Action item:
Please reproduce the records exactly, leaving out any pictures.

-------- Records for this task --------

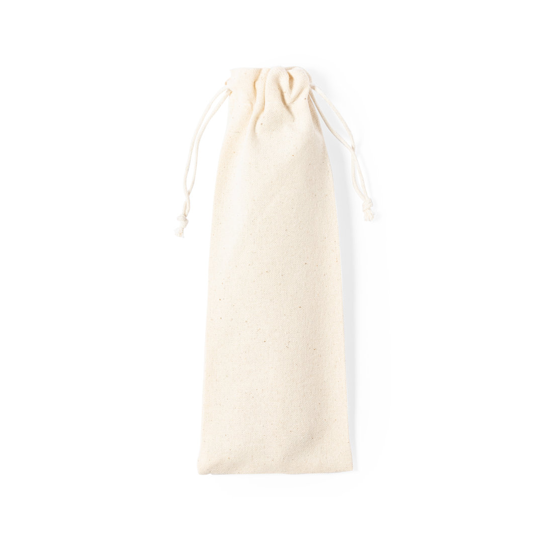 5-piece cutlery set made in stainless steel, with natural wood handle. Including spoon, fork, knife, reusable straw and cleaning brush for the straw. Presented in a natural cotton pouch with drawstring closure.
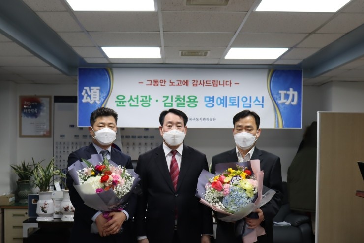 성북구도시관리공단(이사장 박근종)은 지난 4일 공단 본부 이사장실에서 비대면으로 윤선광, 김철용 팀장에 대한 명예 퇴임식을 가졌다. 공단에서 처음으로 진행된 명예 퇴임식에는 코로나 상황으로 많은 직원이 직접 모이지는 못했지만, 온라인으로 임·직원 100여...
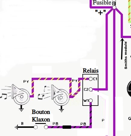 Merci Qui. Je ne vois pas de relais sur le tablier. Juste le klaxon lui meme !
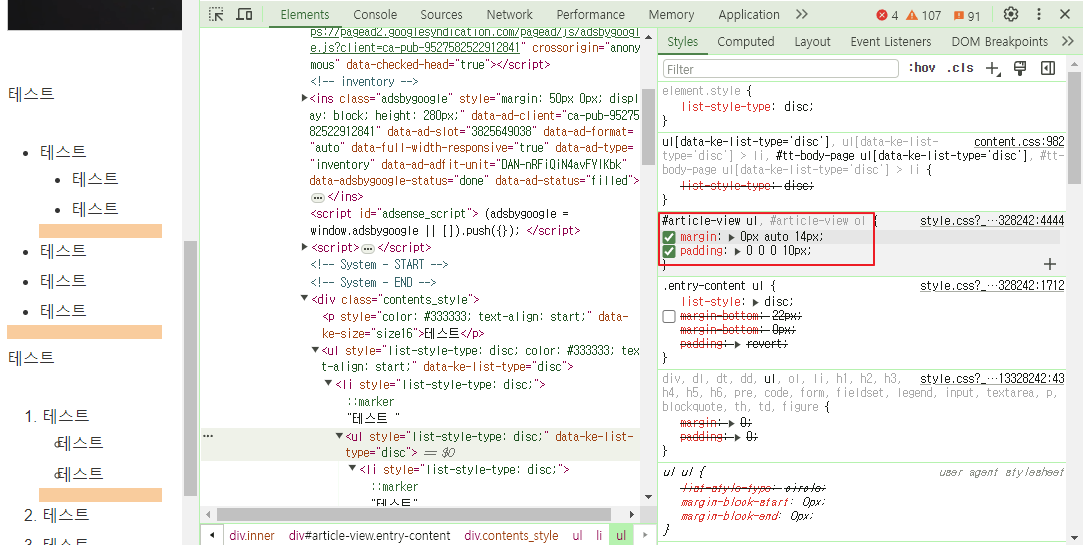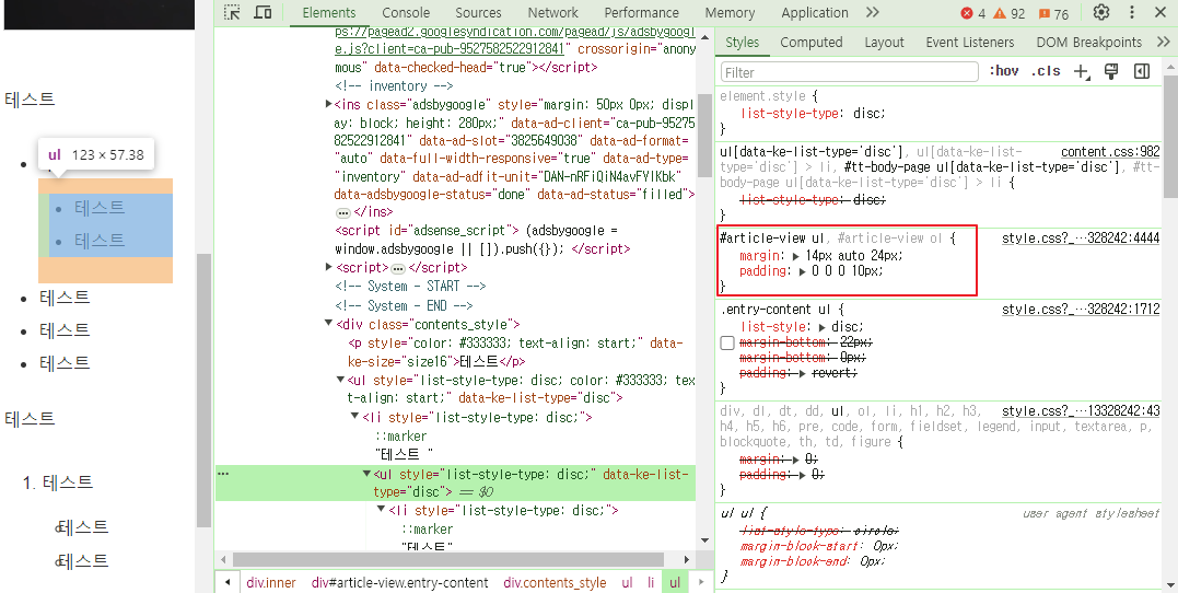 [html 편집 → css]로 가서 #article-view ul 을 찾아서 수정합니다.
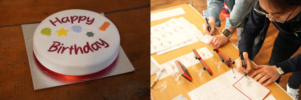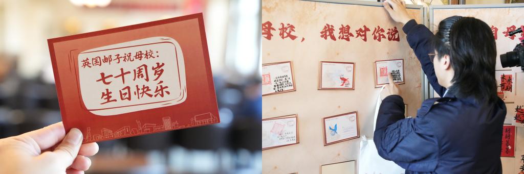 签到预热区,英国邮子在定制明信片上写下对母校的祝福并粘贴在展板上,盖有70周年校庆纪念章的母校师生手写祝福卡和校园文创盲盒也承载着母校的牵挂漂洋过海送达邮子手中。
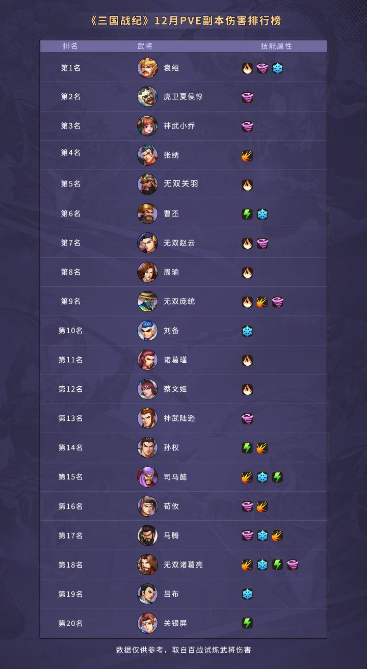 《三国战纪》12月PVE副本伤害排行榜
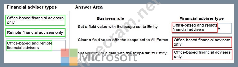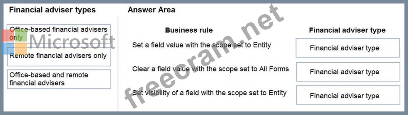 To answer, drag the appropriate financial adviser types to the correct business rules. Each financial adviser type may be used once, more than once, or not at all. You may need to drag the split bat between panes or scroll to view content.

--------

Exercise response:
 5-piece cutlery set made in stainless steel, with natural wood handle. Including spoon, fork, knife, reusable straw and cleaning brush for the straw. Presented in a natural cotton pouch with drawstring closure.
 성북구도시관리공단(이사장 박근종)은 지난 4일 공단 본부 이사장실에서 비대면으로 윤선광, 김철용 팀장에 대한 명예 퇴임식을 가졌다. 공단에서 처음으로 진행된 명예 퇴임식에는 코로나 상황으로 많은 직원이 직접 모이지는 못했지만, 온라인으로 임·직원 100여...
 Merci Qui. Je ne vois pas de relais sur le tablier. Juste le klaxon lui meme !
 [html 편집 → css]로 가서 #article-view ul 을 찾아서 수정합니다.
 签到预热区,英国邮子在定制明信片上写下对母校的祝福并粘贴在展板上,盖有70周年校庆纪念章的母校师生手写祝福卡和校园文创盲盒也承载着母校的牵挂漂洋过海送达邮子手中。
 《三国战纪》12月PVE副本伤害排行榜
 To answer, drag the appropriate financial adviser types to the correct business rules. Each financial adviser type may be used once, more than once, or not at all. You may need to drag the split bat between panes or scroll to view content.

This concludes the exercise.